As it transpired, one of the forms which accompanied the samples we took was badly designed . Inspectors kept missing vital information, because it was not clear what was wanted. Many of the samples collected were unusable and, midway through the outbreak, a substantial resource had to be devoted to re-sampling.

The point here is that sampling is the easy bit. The crucial part is to make sure that the administrative system is effective – so that the samples go to the right lab, with the right data, and the results are then processed and returned to investigators in a timely fashion.

Getting a working system up and running is never simple. There are so many working parts, and so many things that can go wrong, that systems have to be devised, trialled and refined, until all the bugs have been sorted. Put an untried system into the crucible of a major outbreak and it will most likely collapse – which is exactly what is happening here.
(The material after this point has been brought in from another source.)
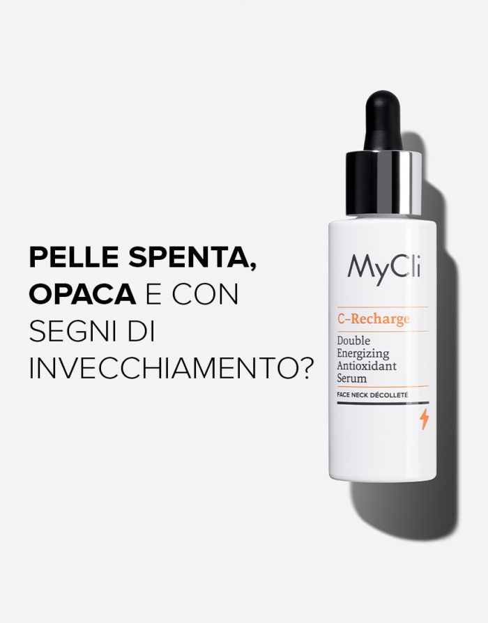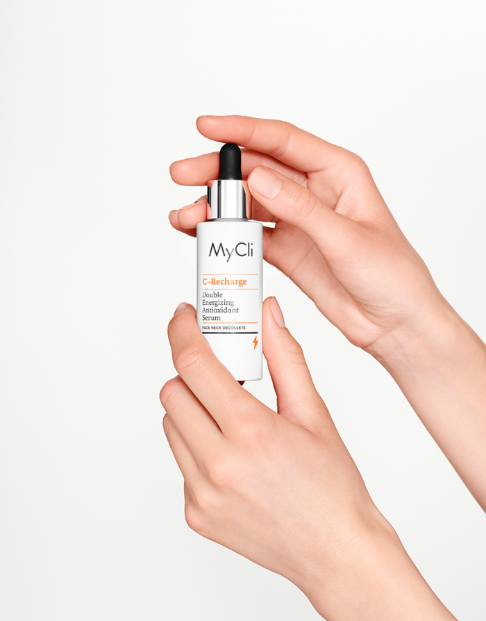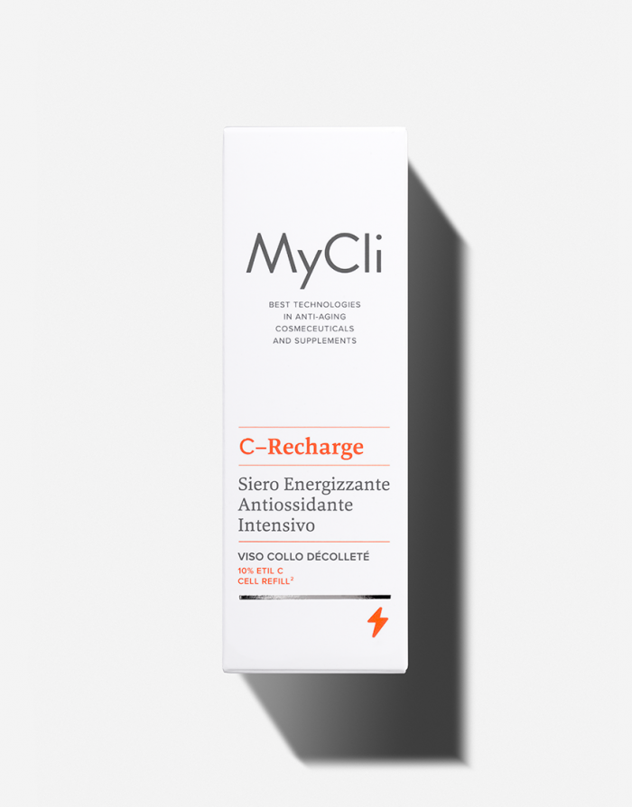 MyCli C–Recharge potenzia l’efficacia antiossidante della vitamina C con un complesso esclusivo di carnitina e ribosio – Cell Refill² – che stimola il mitocondrio a ricaricare le cellule di energia e contrasta i danni indotti dai radicali liberi. Una doppia azione che rende la pelle più ossigenata, vitale e resiliente. L’alta concentrazione di vitamina C promuove un’azione intensiva e la texture ultra sottile in siero permette un’efficace penetrazione degli attivi per risultati rapidi e duraturi.

Then there is the system on the ground – with this report pointing to some of the practical difficulties, not least the struggle to extract information from healthcare workers, particularly in the NHS.

Notwithstanding the technical flaws, this points to another fundamental flaw in the system. Covid-19 is nothing if not a hospital acquired disease, with hospitals becoming reservoirs of infection, seeding the communities they serve.

Those who have had practical experience of dealing with the NHS – the monolithic nature of the bureaucracy and the natural inclination towards secrecy - already know something of the problems faced. In food hygiene days, it wasn't until we had got rid of Crown Immunity and started prosecuting NHS managers that the service woke up to the need to stop poisoning patients and did something about their kitchens.

The only way the system is going to work is if it is wholly independent of the NHS, staffed by experienced law enforcement officers (such as EHOs) who can prise information out of this organisation.

Fundamentally, contact tracing is a law enforcement function. Under public health powers, we were armed with detention powers, which we were able to use in the event of non-cooperation. This is not a job for amateur call-centre operators, or even Public Health England muppets.

And this, interestingly, is what this report states, noting that tracing "would be backed up by the law, by the environmental health officers who have absolute authority". Our powers, in this respect, were greater than those held by the police, where we could apply for a magistrate's order to detain those suspected of carrying disease.

Unsurprisingly, of that system, we see a report that only one-third of people asked to self-isolate actually complied with the request.

The trouble is that the likes of Johnson and Hancock have no idea of what an effective system looks like, and neither do Whitty or Vallance. They simply lack the practical experience and background, while institutional knowledge has been lost. In short, they haven't a clue, and they're not prepared to listen to those who have.

It comes as no surprise, therefore, to find the Guardian suggest that, after PPE and testing, contact tracing looks like the next UK shambles. Pete has the same idea.

But, for Johnson, nothing of this matters. He intends to provide a "world class" contact tracing system and, locked in his own fantasy world, the great intention becomes the reality. He reminds me of that 1965 Animals song, which went: "I'm just a soul whose intentions are good. Oh Lord, please don't let me be misunderstood".

Interestingly, the follow-up was: "We gotta get out of this place".